CAMPAÑA “SIN DUDA, SIN DEUDA”

La deuda externa es una carga crónica e insalvable para los países empobrecidos. No ha dejado de crecer en los últimos años, a pesar de las distintas iniciativas de alivio. Tanto los gobiernos del Norte como del Sur son responsables.

El cumplimiento de las obligaciones del pago de la deuda constituye un obstáculo que impide alcanzar los Objetivos de Desarrollo del Milenio (Erradicar la pobreza extrema y el hambre, lograr la educación primaria universal, promover la igualdad de género y la autonomía de la mujer, reducir la mortalidad infantil, mejorar la salud materna, combatir el SIDA, el paludismo y otras enfermedades, garantizar la sostenibilidad ambiental, fomentar una asociación mundial para el desarrollo).

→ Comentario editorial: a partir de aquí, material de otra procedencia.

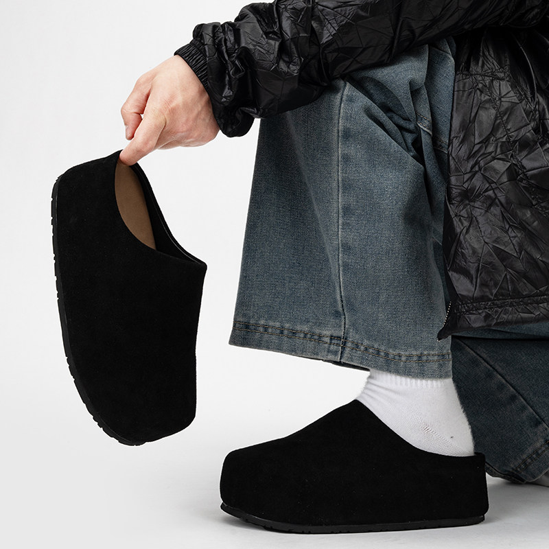 美式row厚底勃肯鞋男女微笑懒人穆勒鞋情侣增高6cm面包大头半拖鞋

Más de 70 países empobrecidos y de renta media no pueden invertir lo necesario en servicios básicos para su población, porque entre el 15% y el 40% de su presupuesto anual lo destinan a pagar su Deuda Externa. Esta falta de inversión social es uno de los factores que obligan a las poblaciones de los países del Sur a emigrar a los países del Norte.

El progresivo aumento de la deuda externa de los países más empobrecidos los hacen aún más vulnerables a las crisis financieras internacionales.

Desde nuestra óptica cristiana defendemos que la Vida es antes que la Deuda, y, por tanto, terminar con este problema es un acto de justicia.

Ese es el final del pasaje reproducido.